» What is expected
Nothing outside the lines below from the one containing "TE 产品编号4-292208-0 MINI CT D/R DIP 40P V NAT" through the one containing "堰堤施工状況(左岸側より)" is to be printed; print those exactly, ends included, and drop the pictures.

» Dataset
*** Begin section ***

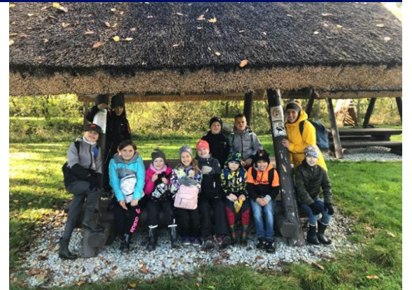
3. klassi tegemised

*** End section ***
*** Begin section ***

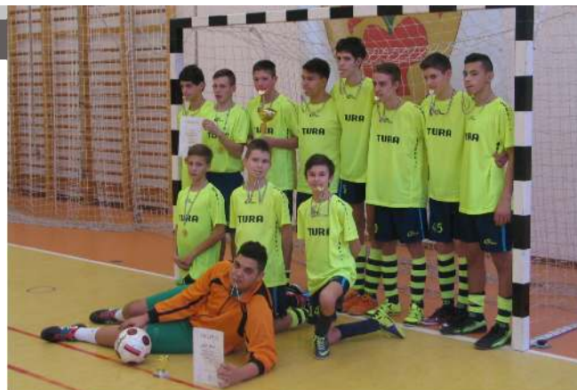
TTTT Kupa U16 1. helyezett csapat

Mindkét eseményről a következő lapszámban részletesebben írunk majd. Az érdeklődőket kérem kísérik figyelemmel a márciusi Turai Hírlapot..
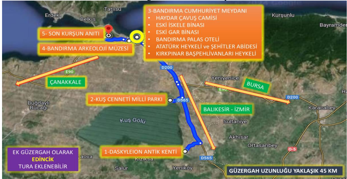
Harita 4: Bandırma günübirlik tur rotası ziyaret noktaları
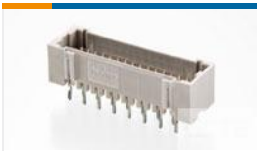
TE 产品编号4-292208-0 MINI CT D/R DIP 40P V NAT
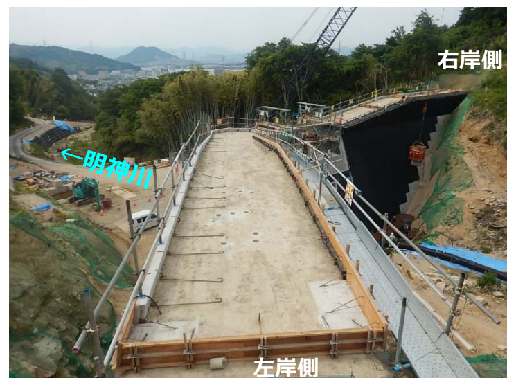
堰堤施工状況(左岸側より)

*** End section ***

» Worked solution
TE 产品编号4-292208-0 MINI CT D/R DIP 40P V NAT
堰堤施工状況(左岸側より)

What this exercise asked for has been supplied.